● **Exercise objective**
All that is needed is an exact repetition of the lines from the one containing "bazı deneyler yapılmıştır." through the final line of the material, without pictures.

● **Input data**
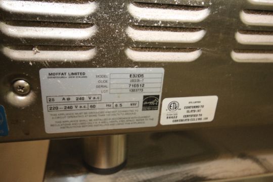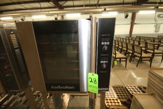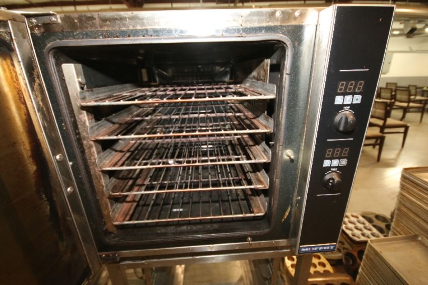 { Choice of lots: 28 } Moffat Limited 4-Shelf Commercial Electric Turbofan Portable Convection Oven, Model E32D5, S/N 710512, 208 Vac, Mounted on Tray Rack Stand
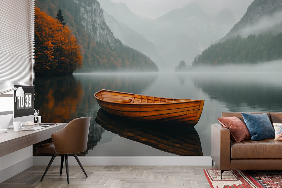 Verwandeln Sie jeden Raum in ein Stück Ruhe mit der Fototapete “Boat on a Lake”. Dieses atemberaubende Kunstwerk fängt die heitere Schönheit eines nebligen Sees ein, auf dem ein sanftes Holzboot mühelos zu treiben scheint und ein Echo der Ruhe ausstrahlt. Stellen Sie sich vor, Sie betreten Ihren Raum und spüren diese friedliche Stimmung – wie ein täglicher Mini-Urlaub! Die leuchtenden Orangen der Bäume heben sich von dem sanften Nebel ab und sind eine wahre Augenweide. Es ist wie eine Erinnerung daran, innezuhalten, tief durchzuatmen und vielleicht sogar den inneren Entdecker zu finden. Perfekt für alle, die die Pracht der Natur ohne Schlamm und Mückenspray erleben wollen!
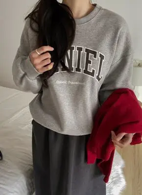 ラウンドネックルーズ長袖レタリングスウェット
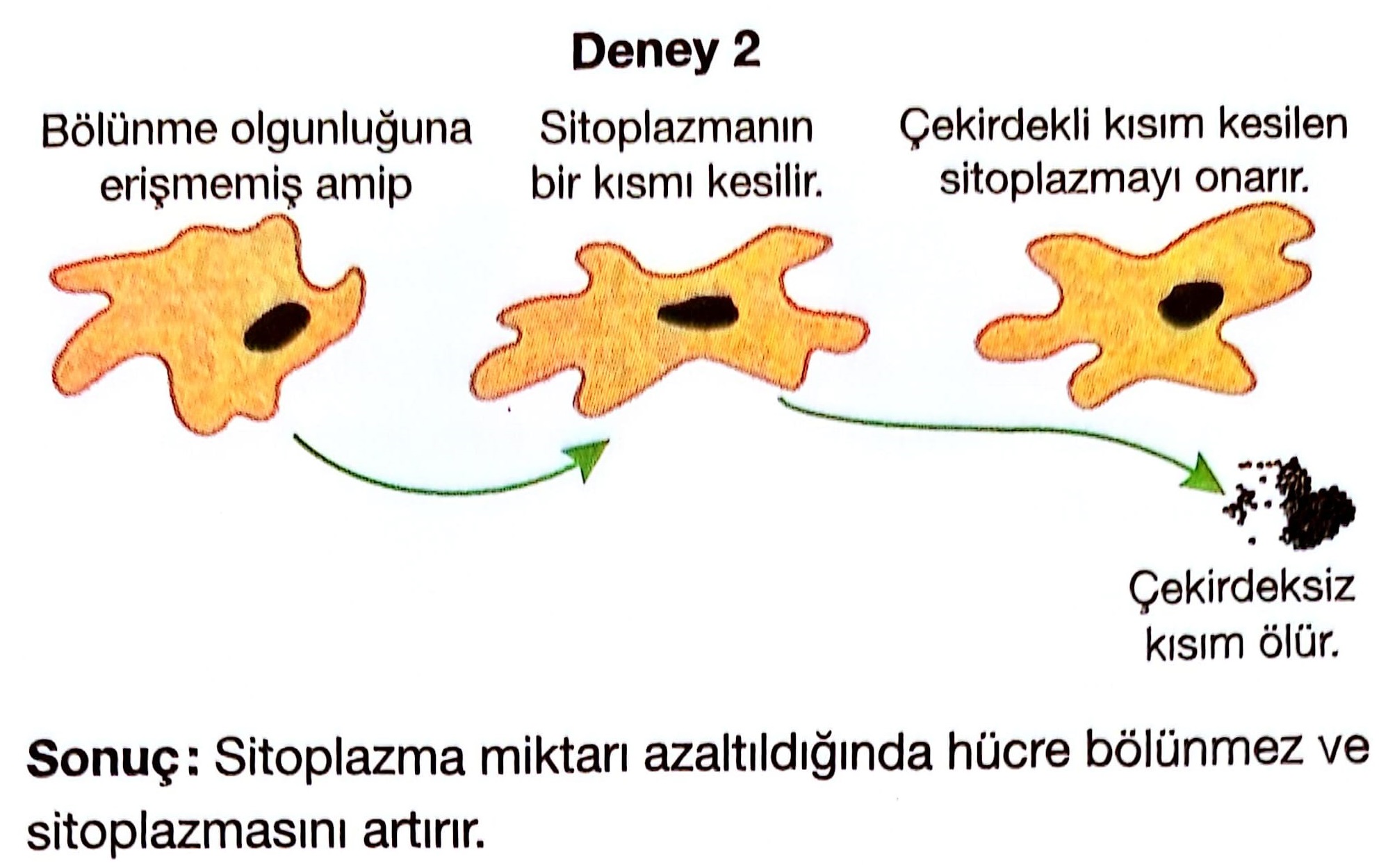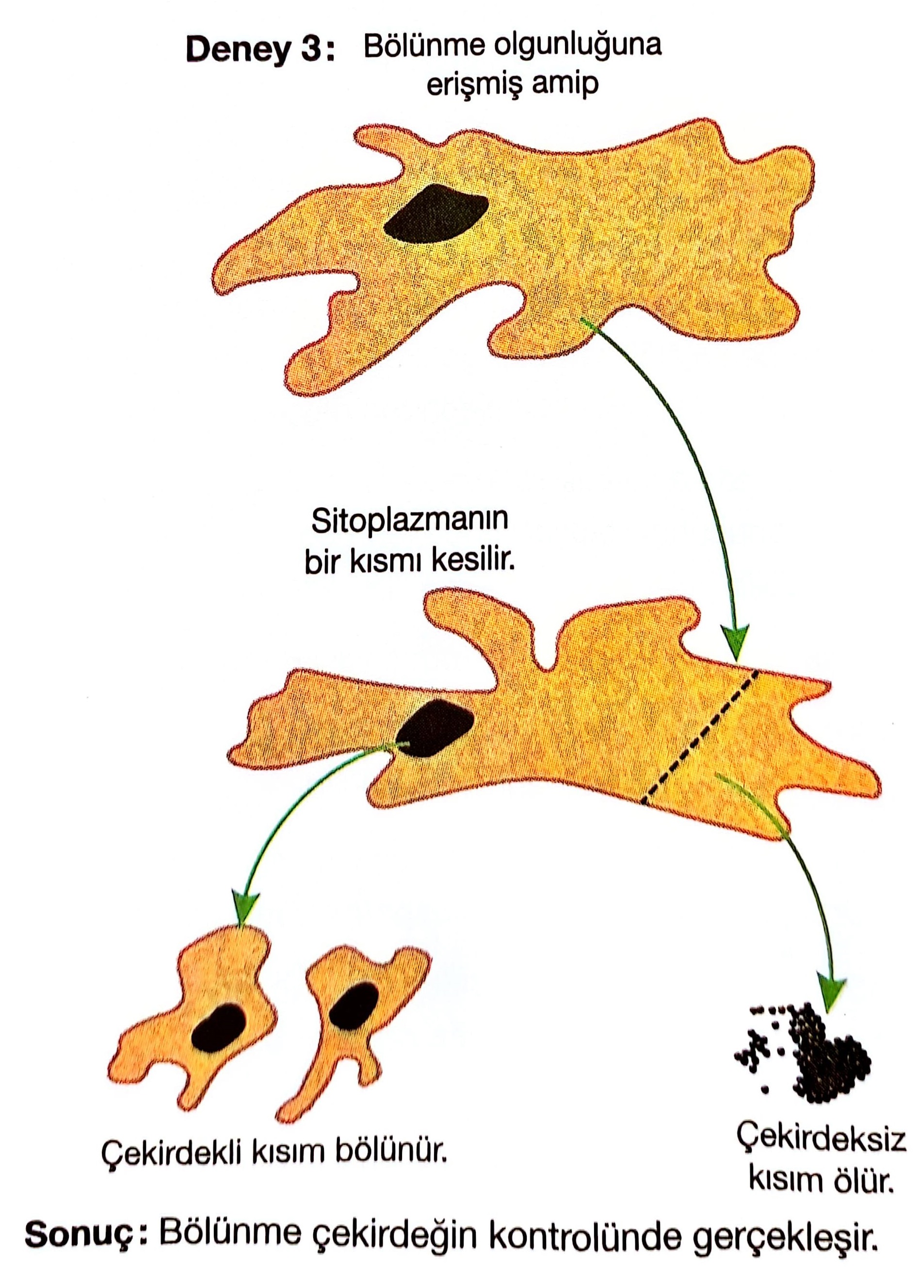 ► Hücre bölünmesinin çekirdeğin denetiminde gerçekleştiğini ispatlamak için amipler üzerinde bazı deneyler yapılmıştır.
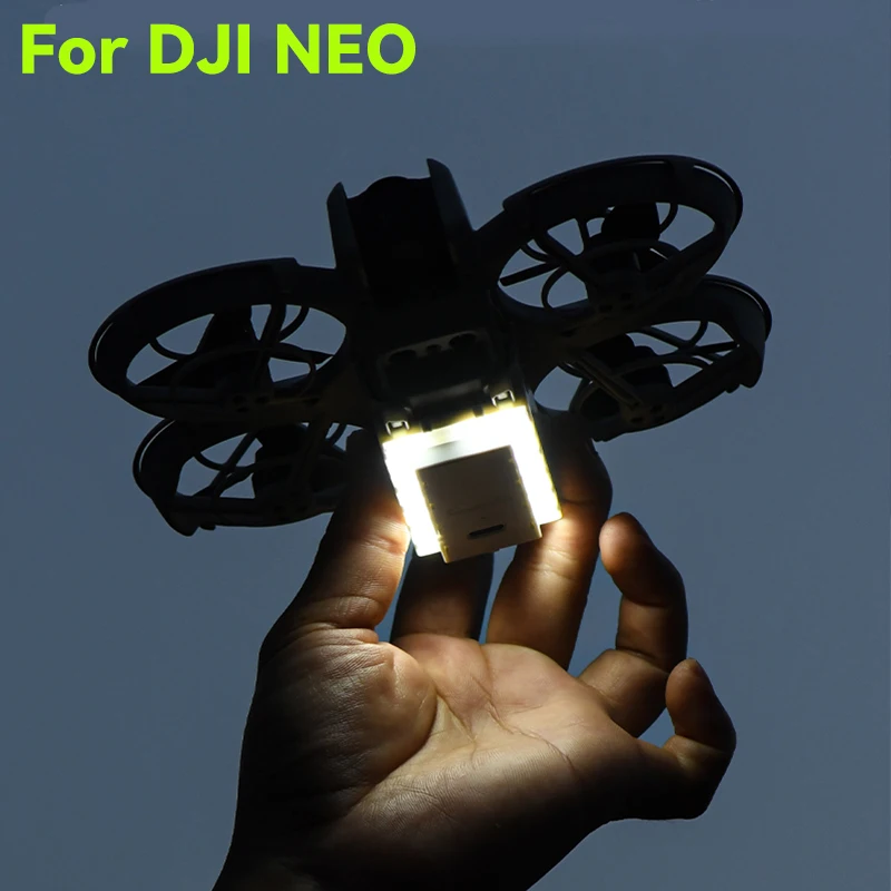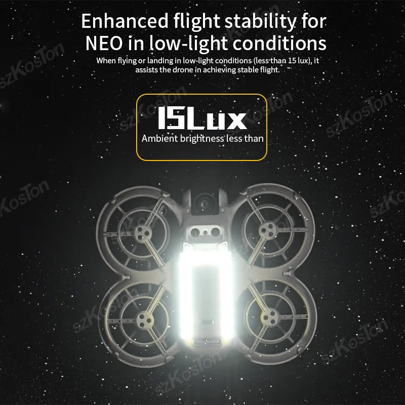 1.La luz nocturna con trípode está diseñada para el dron DJI NEO.El ajuste perfecto para el cuerpo curvo de DJI NEO le permite observar mejor su entorno cuando vuela, se despega o aterriza en la noche oscura.

● **Answer**
 ► Hücre bölünmesinin çekirdeğin denetiminde gerçekleştiğini ispatlamak için amipler üzerinde bazı deneyler yapılmıştır.
 1.La luz nocturna con trípode está diseñada para el dron DJI NEO.El ajuste perfecto para el cuerpo curvo de DJI NEO le permite observar mejor su entorno cuando vuela, se despega o aterriza en la noche oscura.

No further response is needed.